### INSTRUCTIONS TO FOLLOW
Everything from the line that contains "This lighthouse was" through the last line below should be transcribed exactly, except the pictures.

### SUPPLIED INFORMATION
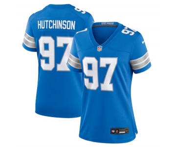 Women's Detroit Lions #97 Aidan Hutchinson Blue Stitched Jersey
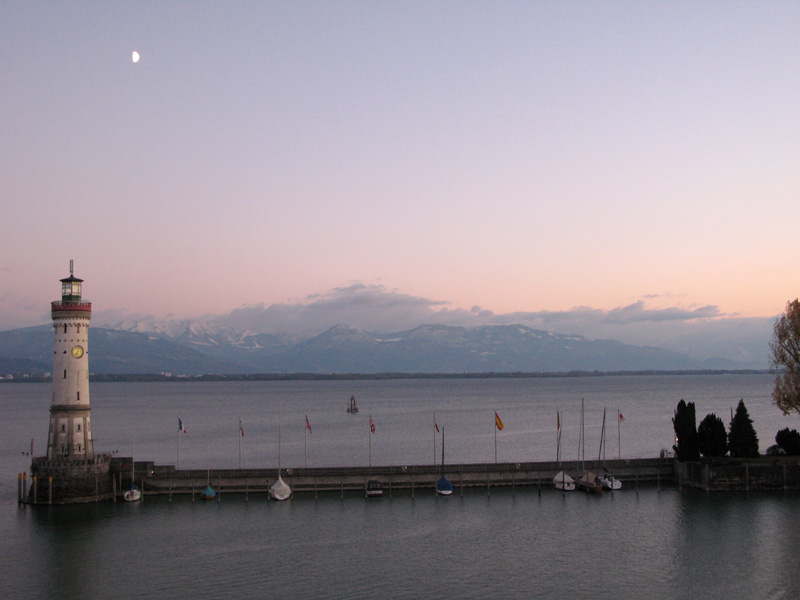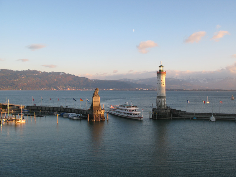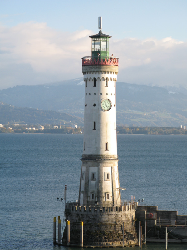 This lighthouse was the centerpiece of the view from the balcony of my room at the Hotel Bayerischer Hof (Bavarian Court) in the island-city of Lindau, Germany. On a large lake called the Bodensee, or Lake Constance, near the present-day borders of Germany, Austria, and Switzerland, Lindau's history dates to Roman times, growing from a monastery to a fortified city-state almost a thousand years ago. A fair-sized island - two-thirds of a square kilometer, or about 170 acres - today Lindau is connected to the mainland by a causeway, and the city retains a picturesque, medieval atmosphere.
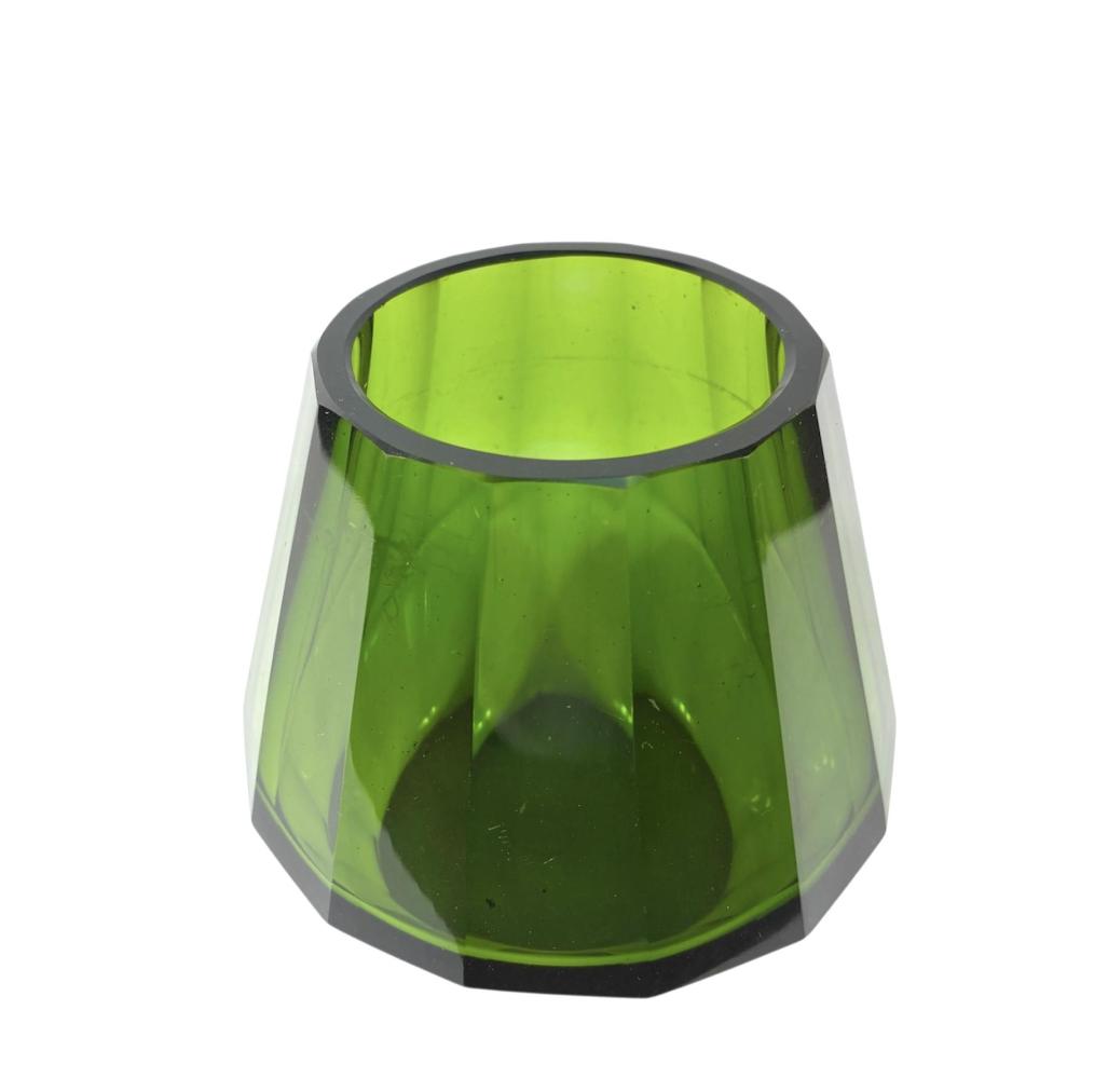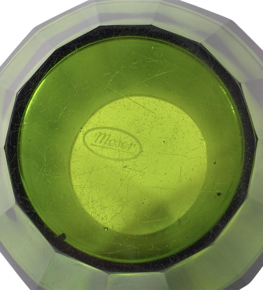 Krásná klasická váza značky Moser v zeleném odstínu. Váza má broušené hrany. Výška 11 cm, průměr vrchní části 7,5 cm, průměr podstavy 7,5 cm. Jedna hrana má jemný oťuk, na váze jsou místy mělké rýhy, poškrábaná podstava, jinak bez výrazného poškození. Značeno vespod "Moser".
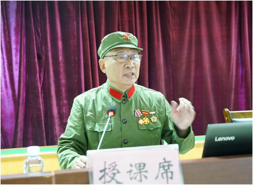 參戰(zhàn)老兵李克為準(zhǔn)新兵上“紅色教育”課。 “希望你們迅速融入軍隊(duì)這個(gè)大熔爐,勇敢接受艱苦環(huán)境的磨練和考驗(yàn),為我國(guó)的國(guó)防事業(yè)作出積極的貢獻(xiàn)!”曾在邊境自衛(wèi)反擊戰(zhàn)中榮立戰(zhàn)時(shí)三等功的副營(yíng)職轉(zhuǎn)業(yè)干部鄭志淦對(duì)準(zhǔn)新兵們提出了殷切希望。

### EXERCISE OUTPUT
 This lighthouse was the centerpiece of the view from the balcony of my room at the Hotel Bayerischer Hof (Bavarian Court) in the island-city of Lindau, Germany. On a large lake called the Bodensee, or Lake Constance, near the present-day borders of Germany, Austria, and Switzerland, Lindau's history dates to Roman times, growing from a monastery to a fortified city-state almost a thousand years ago. A fair-sized island - two-thirds of a square kilometer, or about 170 acres - today Lindau is connected to the mainland by a causeway, and the city retains a picturesque, medieval atmosphere.
 Krásná klasická váza značky Moser v zeleném odstínu. Váza má broušené hrany. Výška 11 cm, průměr vrchní části 7,5 cm, průměr podstavy 7,5 cm. Jedna hrana má jemný oťuk, na váze jsou místy mělké rýhy, poškrábaná podstava, jinak bez výrazného poškození. Značeno vespod "Moser".
 參戰(zhàn)老兵李克為準(zhǔn)新兵上“紅色教育”課。 “希望你們迅速融入軍隊(duì)這個(gè)大熔爐,勇敢接受艱苦環(huán)境的磨練和考驗(yàn),為我國(guó)的國(guó)防事業(yè)作出積極的貢獻(xiàn)!”曾在邊境自衛(wèi)反擊戰(zhàn)中榮立戰(zhàn)時(shí)三等功的副營(yíng)職轉(zhuǎn)業(yè)干部鄭志淦對(duì)準(zhǔn)新兵們提出了殷切希望。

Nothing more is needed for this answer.